The command can be invoked with the arguments am i or am I (so it is invoked as who am i or who am I), showing information about the current terminal only (see the command tty and the -m option below, of which this invocation is equivalent).

== Usage ==
The SUS without extensions only specifies the following -m, -T, and -u options, all other options are specified in the XSI extension.

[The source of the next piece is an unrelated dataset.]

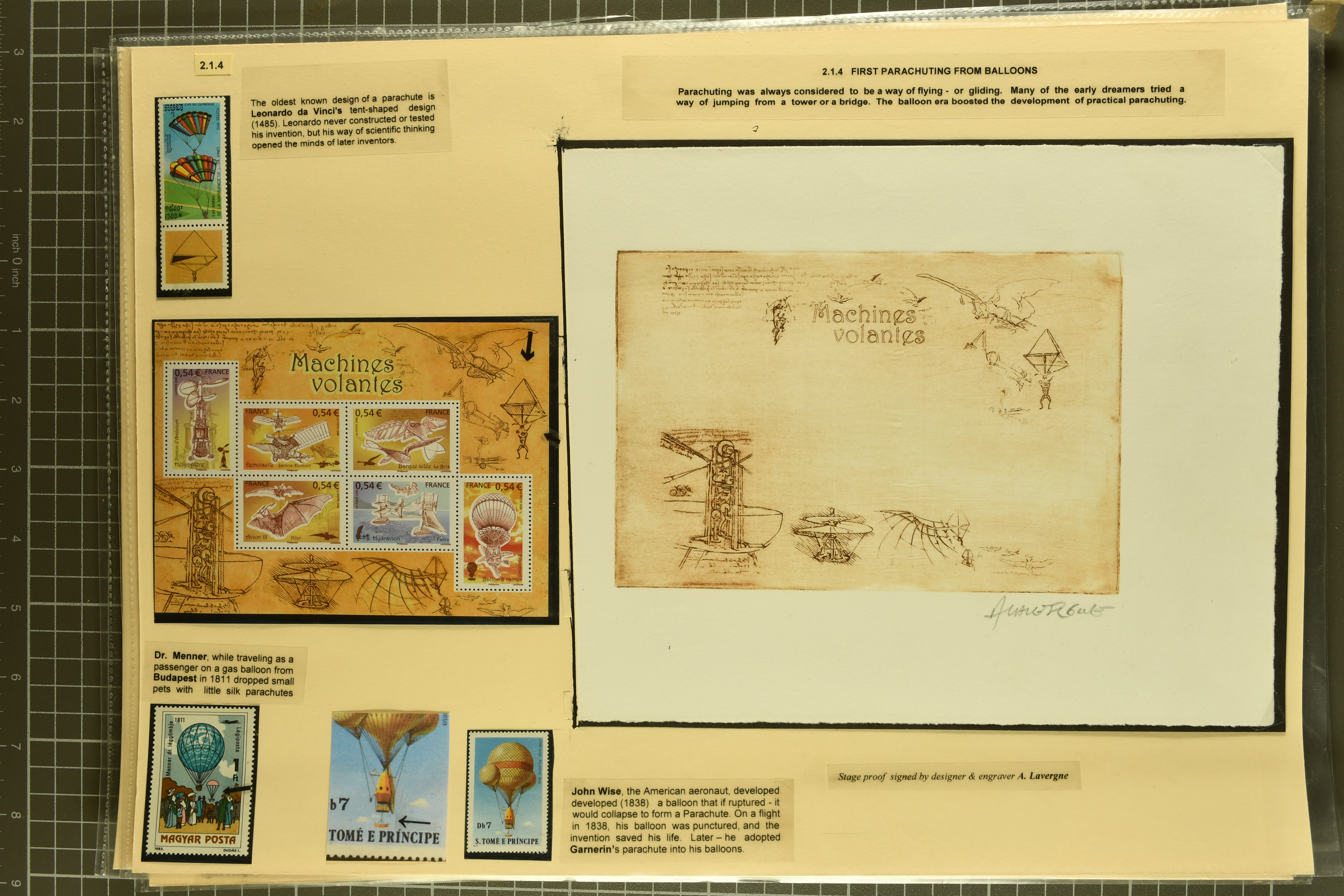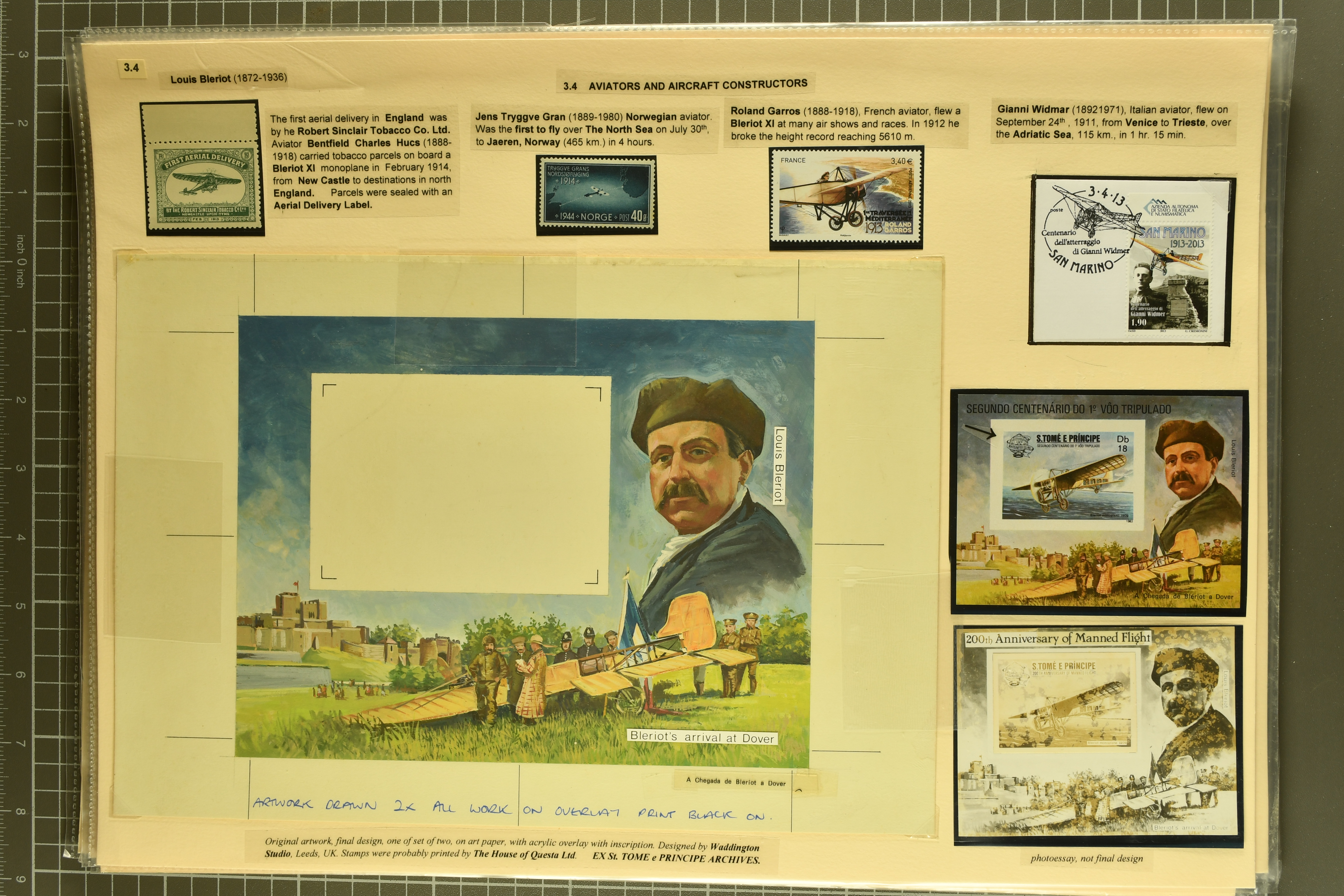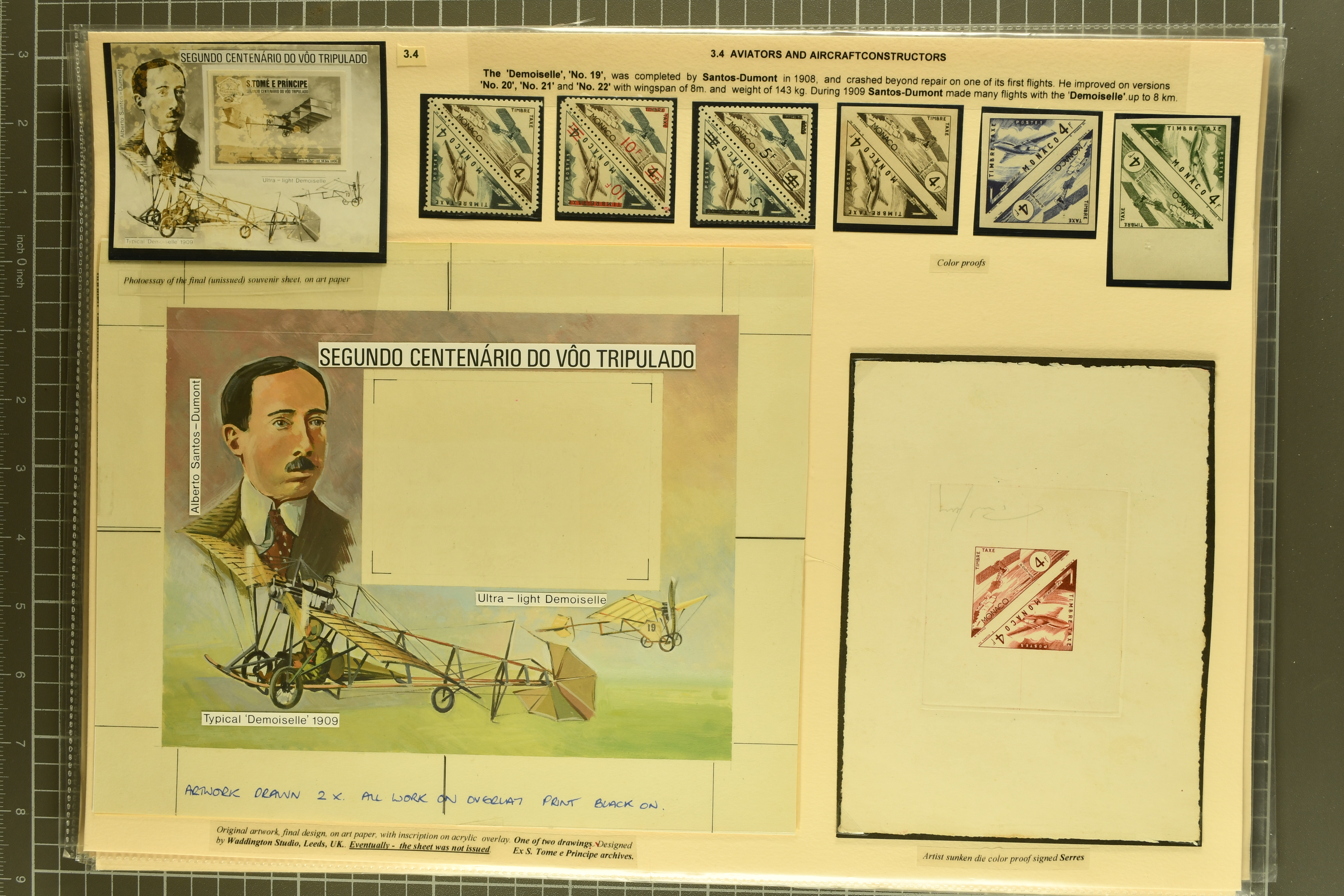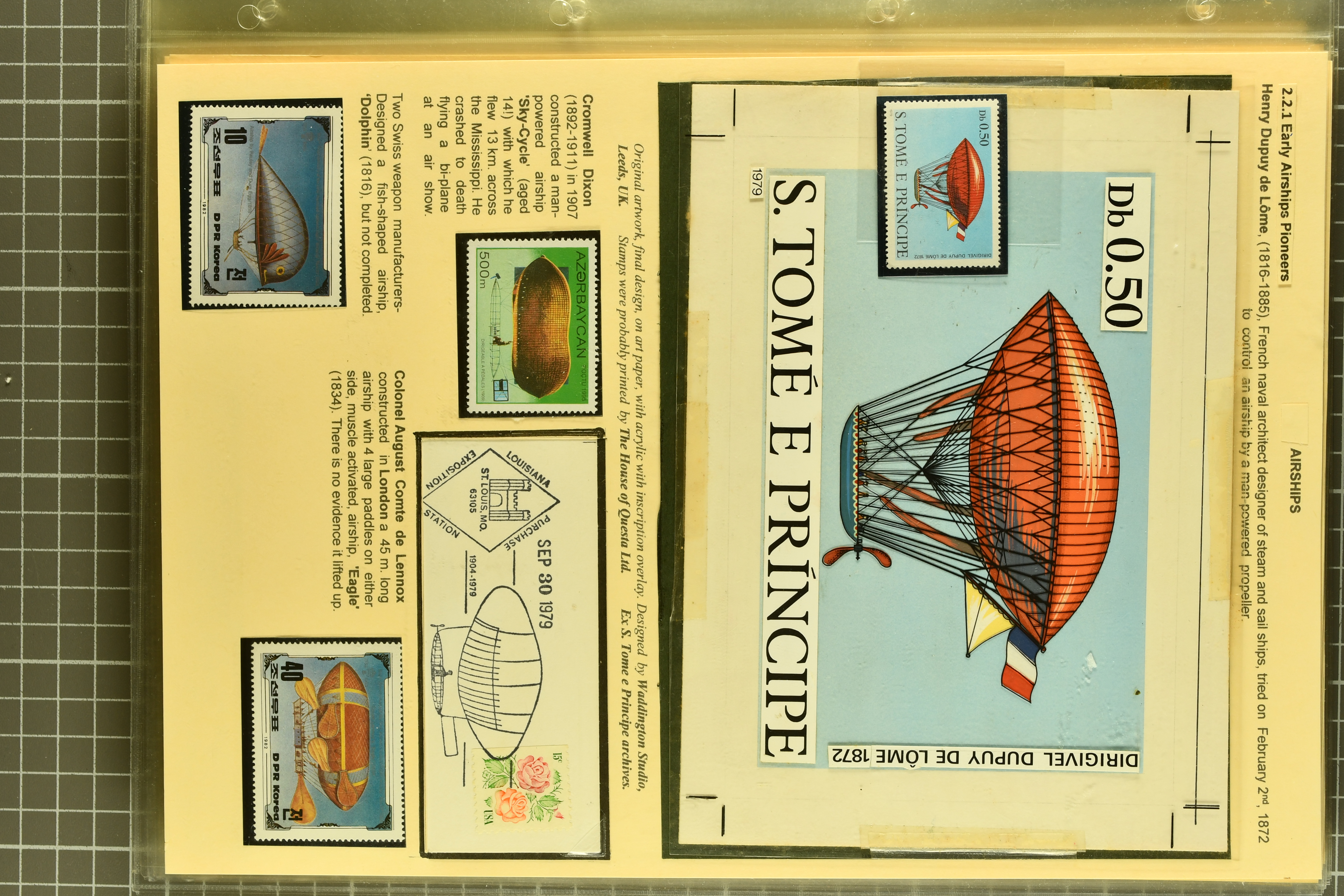 1491 **/*/cover/(*) image1979/2005: Airship, Aviator and Aircraft Constructors study collection, set-out upon 25 exhibition pages (x8 being A3), comprising over 200 items of which 16 are original artists artwork on cardboard, 28 proofs including sunken die proof, photographic and colour trials. Large quantity of Essay/Artwork/Minisheets for São Tomé and Príncipe airmail stamps, such as 200th Anniversary of Manned Flights, with a quantity of airmail related commenorative/airmail stamps from other countries including; Brazil (Santos Dumont portrait / airship), Denmark (Viggo Bang sketch and artwork), USA, Cuba, Czechoslovakia, DPR Korea, Gabon, Monoco, Slovakia, France, Sierra Leone, Canada, Syria, Jersey, Peru and others. Range of overprinted airmail issues including varieties. Colourful and visually appealing thematic study, with many scarce and fine items. Ex. The ‘Izhak Barak’ Collection: The Development of Aviation and Transportation of Mail by Air until 1914 (Image 1) (Image 2) (Image 3) (Image 4) (Image 5) (Image 6) (Image 7) (Image 8) (Image 9) (Image 10) (Image 11) (Image 12) (Image 13) (Image 14) (Image 15) (Image 16) (Image 17) (Image 18) (Image 19) (Image 20) (Image 21) (Image 22) (Image 23) (Image 24) (Image 25) (Image 26) (Image 27) (Image 28)

-a, process the system database used for user information with the -b, -d, -l, -p, -r, -t, -T and -u.
-b, show time when system was last rebooted
-d, show zombie processes and details
-H, show column headers
-l, show terminals where a user can log in
-m, show information about the current terminal only
-p, show active processes
-q, quick format, show only names and the number of all users logged on, disables all other options; equivalent to users command line utility
-r, show runlevel of the init process.
-s, (default) show only name, terminal, and time details
-t, show when system clock was last changed
-T, show details of each terminal in a standard format (see note in Examples section)
-u, show idle time; XSI shows users logged in and displays information whether the terminal has been used recently or not

Other Unix and Unix-like operating systems may add extra options. GNU who includes a -i option behaving similarly to -u and a -w option displaying whether the user listed accepts messages (the SUS displays this when -T is specified), yet GNU who and BSD who both omit a number of the above options (such as -a, -b, -d, and others); GNU who instead uses -l to perform DNS lookups on hostnames listed.

== Output ==
The SUS without extensions specifies that the output format is to be "implementation-defined". The XSI extension specifies a format, but notes that it is not fully specified; delimiters and field lengths are not precisely specified. Thus, the format of the output differs considerably among Unix implementations.